I just happened to have this image, which is kind of an example:

Those two blue ROIs on the left are just waaaaay to correlated for that to be a coincidence, in my view.

The other reason I don't like using a distance cut off is that a priori, we know that clustering ROIs isn't going to be based on strict distance. That is to say, if we have a long thin ROI (like a dendrite/axon segment) chances are an ROI belonging to the same cell is going to be in the long direction of the ROI, and NOT in the thin direction (i.e. axons/dendrites generally are straight lines, locally). Now I COULD make it so it tries to work this in, by fitting something to the shape, or using the built in data that is in the stats structure,, but that sounds like a pain (anything involving fitting always is a bit sensitive in my view).
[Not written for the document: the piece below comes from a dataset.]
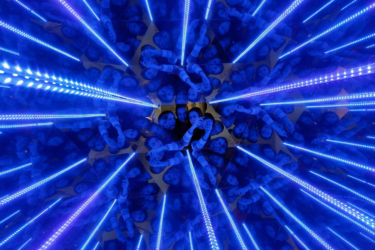 สตรีชาวรัสเซีย 3 คน จ้องมองดูกล้องรูปภาพหลากสี ที่ “สวนนิวตัน” ในงานแสดง เนื่องในวันวิทยาศาสตร์ของรัสเซีย ที่เมืองกราสโน ยาร์สก์ แคว้นไซบีเรีย.

That said, I'm more than happy to include a distance weighting. I was thinking a circular 2D gaussian (rather than a hard cut off), and the user can set the sigma for the gaussian in pixels. However, there is no chance I'll get that to you before Tuesday/Wednesday. Let me know if that sounds like what you'd like, and I'll prioritize it for next week.

[ghost]

@bill-connelly That's a very solid point, especially for a field of view like the one you have. I think it's fairly reasonable to assume that they are the same axon if they are highly correlated and far away spatially, but this seems like it maybe should be an individual user's call. Merging axons solely on correlation comes with the assumption that two actually independent axon ROIs which respond very reliably to the same stimulus are not distinct and should be clustered together, solely because they are correlated. For the axons I'm studying, their activity is very infrequent except when a specific stimulus is presented. In the presence of a stimulus, most of the ROIs are highly co-active, resulting in a significant amount of joining of the ROIs. Relatively lower R-squared threshold values can result in merging of the vast majority of ROIs in the field of view for this reason. In my experiments, I also have a independent red fluorophore in a subpopulation of the GCaMP6 axons. This allows me to tell that that some of the merged ROIs are incorrectly merged when only correlation is considered (a 'red' GCaMP6 axon ROI shouldn't ever be merged with a GCaMP6-only, red-lacking ROI).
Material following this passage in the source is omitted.